Two years after the passage of the Carter legislation there was little doubt the trucking landscape was changing dramatically. Some big name companies were out of business (more than 70 freight haulers who were open in 1978 were closed by the end of 1982) while 5,122 new truck companies had registered with the ICC. Motor carriers had filed more than 18,700 applications for new company freight routes, and freight bills had been driven down by 10 to 20 percent. The American Trucking Associations said a 1982 survey showed there were 208 trucking companies with annual revenues of more than $1 million. In 1974, there had been 338. But many existing companies had successfully expanded and some also bought weaker rivals.
But 1982 was also a time of recession. Transportation Secretary Elizabeth Dole conceded that trucking companies had “the worst year in 1982 that they’ve had since the ’30s”, but, she said she was convinced the recession was to blame. Many industry analysts disagreed with Mrs. Dole.
Deregulation made the leased owner-operator the typical independent trucker.
“I’ve had it with the government. They interfere and have their nose into everything.
The younger generation is going to pay.”
Jerry Fagan, an owner-operator from Dallas, Texas.

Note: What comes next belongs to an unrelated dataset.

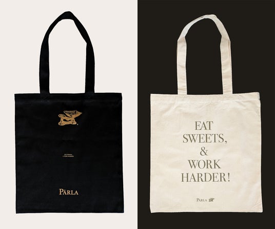 10周年を迎えることを記念し、初のオフィシャルグッズとして、お菓子などの持ち運びにも最適なトートバッグも作成しました。デザイン違いの黒と白の2カラーで、どちらも当ブランドのロゴと、

And shippers became ‘kings of the road’ as more trucking companies sought a limited amount of freight and lower rates were how the companies went after it.
Twenty years after the Motor Carrier Act of 1980, CFI President Herb Schmidt blames low rates for the depressed wages and high driver turnover that have plagued trucking for years. “The industry can’t afford to pay drivers enough because they can’t collect enough from shippers,” he said. Michael Belzer, author of Sweatshops on Wheels: Winners and Losers in Trucking Deregulation says drivers and owner-operators lost a lot of money after deregulation. If real wages had remained constant for truckers (from 1977 to 1996) he writes, “the average worker in the trucking industry would have earned a total of $140,658 more than he did between 1977 and 1996, making him and his family much wealthier than they are today.”
But even opponents admit that deregulation created the environment for the truckload market to expand to what we see today and allowed a lot more drivers, owner-operators and small companies to make a living in the trucking industry, albeit having to fight off more and more competitors to do so.
Belzer estimates nearly a tripling in the number of carriers from 1977 to 1991. Federal records show the number of carriers doubled during the 1990s.
Today, at least you can take the shortest route from Point A to Point B and you can find a load to backhaul.